### [Task to complete]
Print the line containing "Odense Krom Aplik, kabarcıklı" and all lines after it, unchanged, through the end of the data. Leave the pictures out.

### [Data listing]
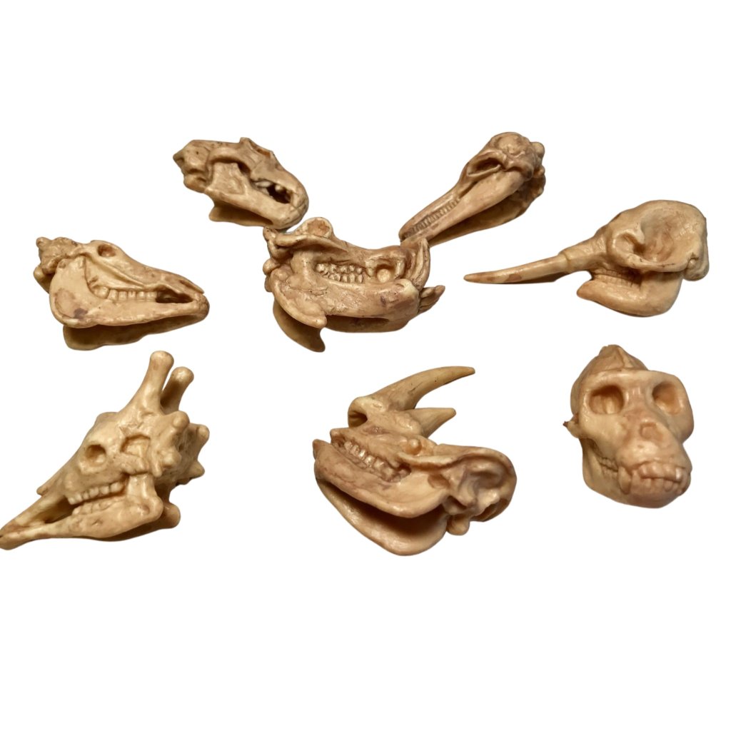 Sada obsahuje 8 lebek zvířat. Velikosti 5-8 cm dle přiložených foto. Vyrobeno z tvrdého plastu v barvě zvětralé kosti, velmi realistické jako lebky. Obsahuje lebku slona, žirafy, nosorožce, opice, delfín, lev, zebra, hroch Nevhodné pro děti do 3 let.
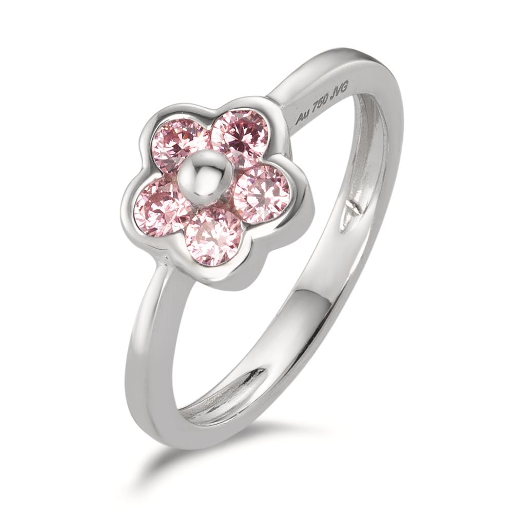 Ring 750/18K witgoud Zirkonia roze, 5 Steen Bloem
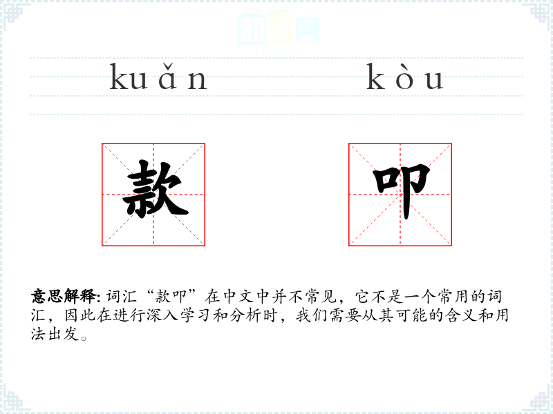 词汇“款叩”在中文中并不常见,它不是一个常用的词汇,因此在进行深入学习和分析时,我们需要从其可能的含义和用法出发。
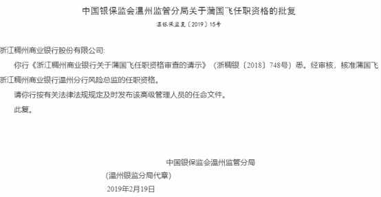 据中国经济网记者查询,2019年2月19日,中国银保监会温州监管分局发布了关于蒲国飞任职资格的批复(温银保监复〔2019〕15号),核准蒲国飞浙江稠州商业银行温州分行风险总监的任职资格。
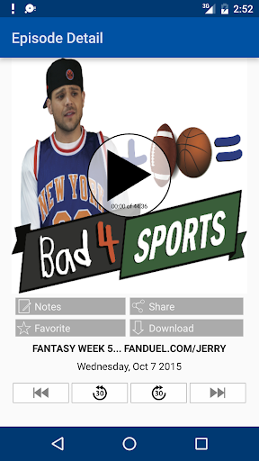 You can also star your favorite episodes and save them to a list so you can easily enjoy them over and over! This app is complete access to Bad 4 Sports Jerry Ferrara and if you're a fan of the show you won't want to be without it!
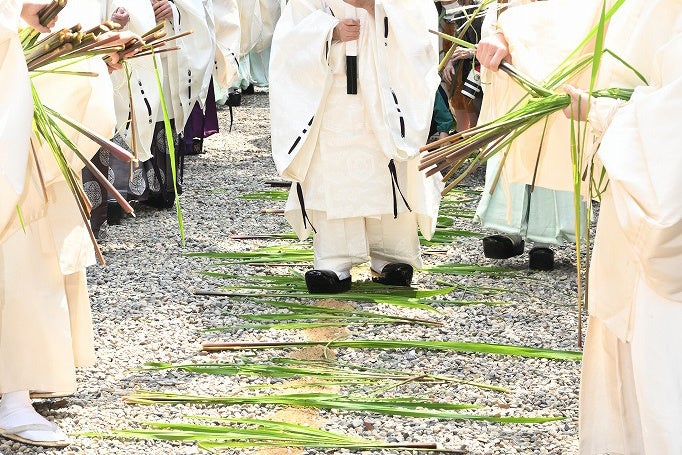 「涼殿祭(すずみどののまつり)」は、島根県出雲市の出雲大社で毎年6月1日に行われる伝統行事です。夏の始まりに際し、真菰(まこも)を敷いた道を宮司が進み、けがれを祓い、無病息災を祈願する神事として、古くから人々に親しまれてきました。
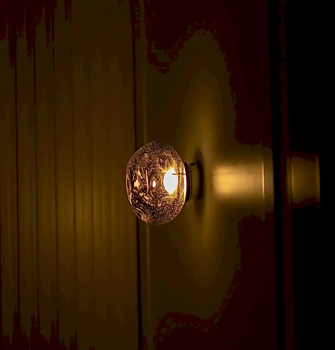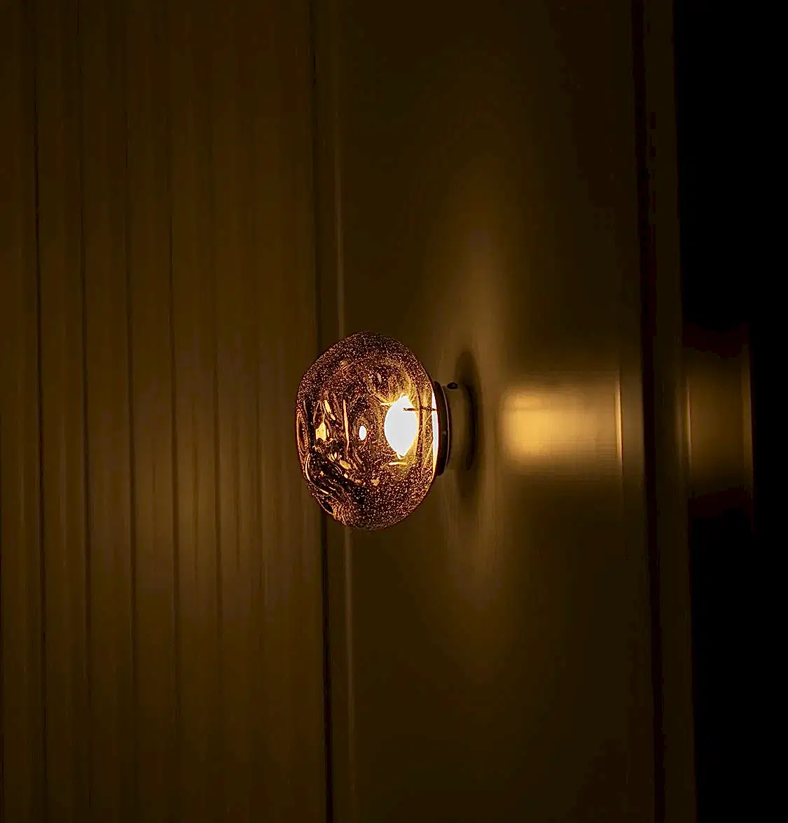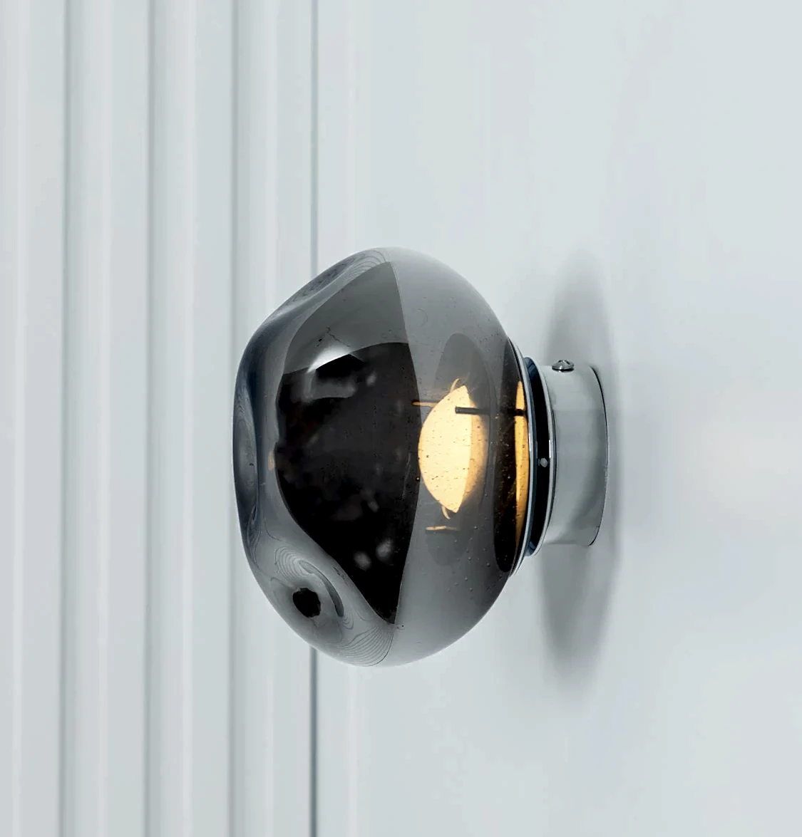 Odense Krom Aplik, kabarcıklı cam detayı ve krom metal gövdesiyle sofistike bir etki yaratır. Dairesel formu ışığı tüm yöne yumuşakça yayar.
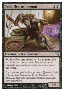 , sacrifiez une créature : Le joueur ciblé se défausse d'une carte. N'activez cette capacité que lorsque vous pourriez lancer un rituel.Vous n'êtes pas connecté ! connectez-vous ou inscrivez-vous pour poster un commentaire
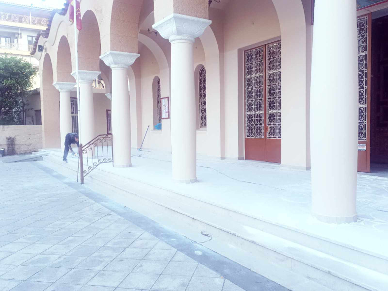 Σε λίγες ημέρες εορτάζει ο Πολιούχος της πόλης, έτσι ξεκίνησαν σιγά σιγά οι προετοιμασίες με μια μικρή κηπουρική ανάπλαση και γυάλισμα των εξωτερικών δαπέδων γύρω από το Ιερό Ναό.

### [Expected answer]
 Odense Krom Aplik, kabarcıklı cam detayı ve krom metal gövdesiyle sofistike bir etki yaratır. Dairesel formu ışığı tüm yöne yumuşakça yayar.
 , sacrifiez une créature : Le joueur ciblé se défausse d'une carte. N'activez cette capacité que lorsque vous pourriez lancer un rituel.Vous n'êtes pas connecté ! connectez-vous ou inscrivez-vous pour poster un commentaire
 Σε λίγες ημέρες εορτάζει ο Πολιούχος της πόλης, έτσι ξεκίνησαν σιγά σιγά οι προετοιμασίες με μια μικρή κηπουρική ανάπλαση και γυάλισμα των εξωτερικών δαπέδων γύρω από το Ιερό Ναό.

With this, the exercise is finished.